*** Opening Information shown ***
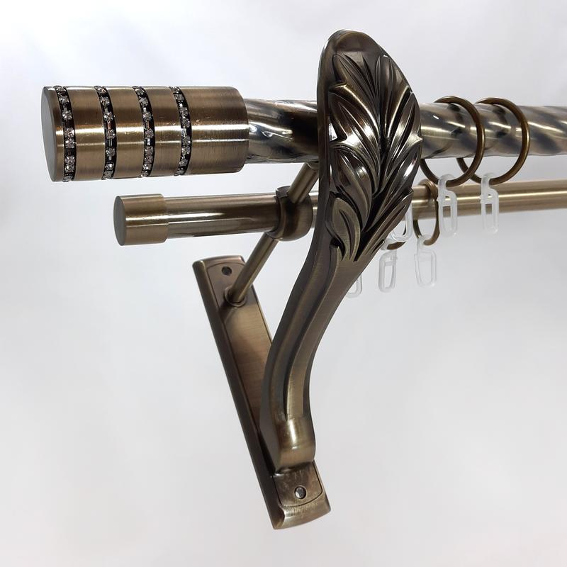 Карниз для штор orvit барамела металевий дворядний ретро кручена труба кільце металеве ант...
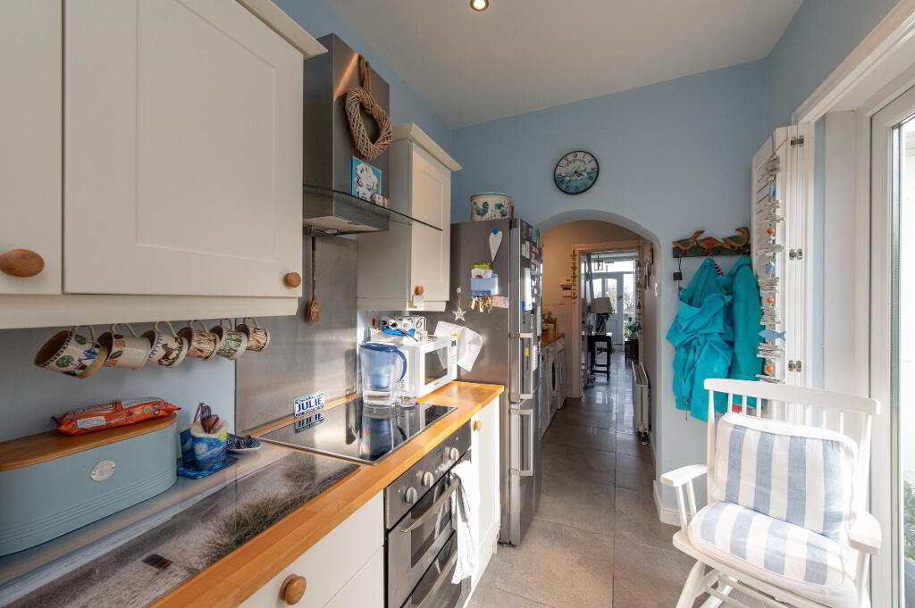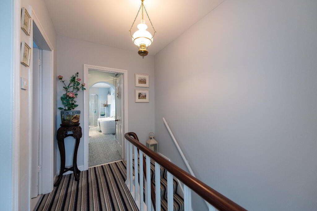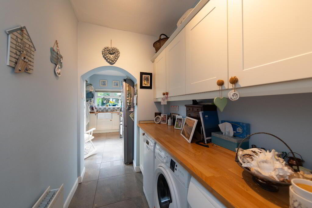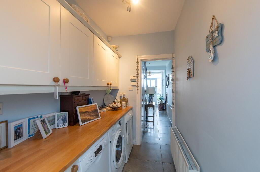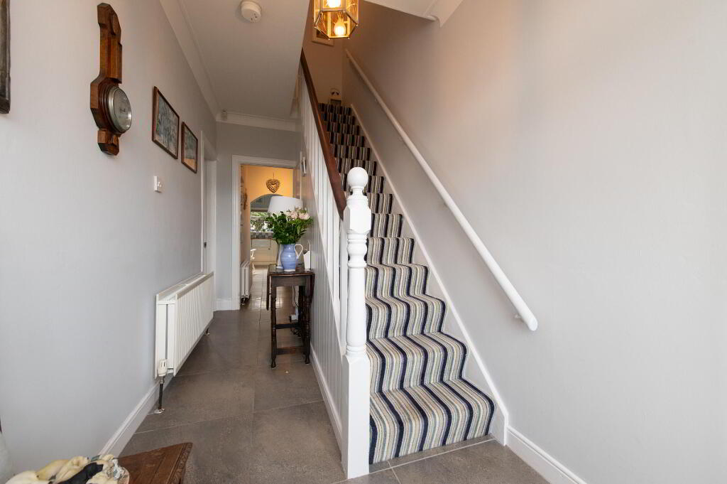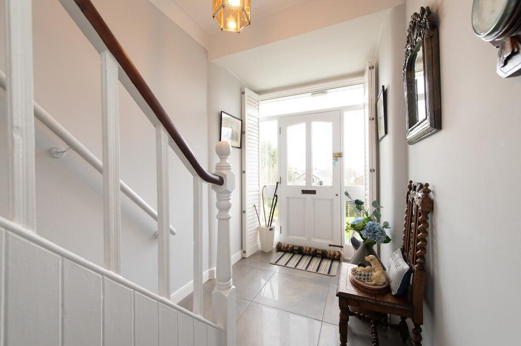 RECEPTION HALL Ceramic tiled flooring, views of Belfast Lough, understairs storage, shelving
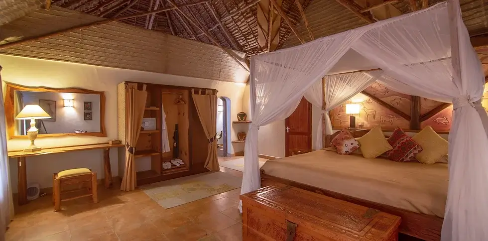 There are eight en suite individual and well-spaced luxurious bandas each with its own veranda and views of the Rift Valley escarpment and the Wildlife Sanctuary. Chui Lodge has 5 standard rooms and 3 deluxe rooms.
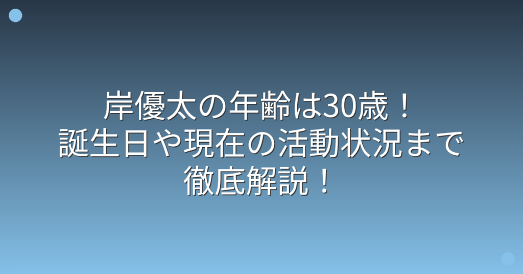 岸優太の年齢は30歳!誕生日や現在の活動状況まで徹底解説!
*** Closing Information shown ***
Without including a single picture, restate all of the data word for word.

Result for this task:
 Карниз для штор orvit барамела металевий дворядний ретро кручена труба кільце металеве ант...
 RECEPTION HALL Ceramic tiled flooring, views of Belfast Lough, understairs storage, shelving
 There are eight en suite individual and well-spaced luxurious bandas each with its own veranda and views of the Rift Valley escarpment and the Wildlife Sanctuary. Chui Lodge has 5 standard rooms and 3 deluxe rooms.
 岸優太の年齢は30歳!誕生日や現在の活動状況まで徹底解説!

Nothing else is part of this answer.